Because of transport limitations, nutrient and growth factor concentrations vary significantly inside scaffolds and nonideal bioreactors, leading to large differences in the state and behavior of cells. However, population heterogeneity also results from the complex regulatory mechanisms that occur at the single-cell level. In addition, the single-cell and scaffold/bioreactor scales are tightly coupled through complex cell-cell and cell-environment interactions, as well as interactions occurring among the numerous cellular components. Clearly, comprehensive mathematical models are necessary for integrating the biological processes occurring at the bioreactor, tissue, cell and sub-cellular scales.
This study will first investigate the hypothesis that time-dependent addition of nutrients and/or growth factor to the media can be used to modulate the structure of regenerating tissues. To test this hypothesis, we will use a hybrid multi-scale comprehensive model consisting of (a) partial differential equations quantifying the simultaneous diffusion, convection and consumption of nutrients and growth factors in the interior of the scaffolds; and (b) a discrete model that tracks the migration and proliferation of heterogeneous cell populations on a three-dimensional cubic lattice. An implicit-explicit finite difference method is employed to discretize the transient PDE's and the resulting sparse linear system is solved with a preconditioned GMRES method. The computed local concentrations of nutrients or growth factors are used to modulate the cell locomotory properties and their division times. We assume here that tissue growth is limited by the availability of a key nutrient. Experimentally determined algebraic relations (Monod) are used in this case to modulate the cell proliferation rates and migration speeds according to the local concentrations of the critical nutrient.
To account for different cell phenotypes, the model considers cell populations that exhibit bimodal distributions of migration speeds, persistence and division times. The model also allows for cell death when the nutrient concentrations drop below a critical level for a given period of time. These two parameters can be different for each cell phenotype.
Simulation of 3D tissue growth is a computationally challenging problem requiring large grids to capture the growth of tissues of practically significant size. To meet this challenge, our algorithm has been parallelized to run on a Cray XD1 computer cluster. The computational domain is partitioned into subdomains along one dimension (slab decomposition) and each subdomain is assigned to a different processor.
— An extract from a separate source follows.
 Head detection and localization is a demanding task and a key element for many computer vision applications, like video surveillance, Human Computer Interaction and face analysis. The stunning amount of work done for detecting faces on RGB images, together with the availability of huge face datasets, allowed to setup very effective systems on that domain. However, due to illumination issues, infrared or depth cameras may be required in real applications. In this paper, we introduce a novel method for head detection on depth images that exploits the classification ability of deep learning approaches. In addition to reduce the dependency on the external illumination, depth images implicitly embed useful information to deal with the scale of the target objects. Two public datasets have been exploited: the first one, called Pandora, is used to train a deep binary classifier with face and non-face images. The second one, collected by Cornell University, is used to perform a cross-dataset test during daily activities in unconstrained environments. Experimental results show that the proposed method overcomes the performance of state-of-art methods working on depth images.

For a given set of locomotory and metabolic parameter values, we will show that the initial conditions (cell seeding and initial nutrient concentration profile) influence the spatial distribution of the two cell subpopulations, as the cells segregate in different regions according to their phenotype. The structure of regenerated tissues can also be modulated by temporal variations of the boundary conditions (which can be of the Dirichlet, Neumann or mixed type). Boundary conditions can be dynamically manipulated by varying either the nutrient concentration in the culture media surrounding the scaffold or other operating conditions (like stirring speed or external fluid flow) that directly affect the external mass transfer coefficient. These results provide us with guidelines for a rational design of experiments that will lead to the formation of tissues with desired architecture.
Finally, we explore the effect of vascularization on the growth rates and structure of regenerated tissues. “Artificial” vessels with cylindrical or other shapes are placed in the 3D scaffolds to enhance the transport of nutrients to the interior of developing tissues. We will present simulation results that show how tissue development is affected by (a) the geometry of the artificial vessels, and (b) temporal variations in the flow rates of culture media or the concentrations of limiting nutrients.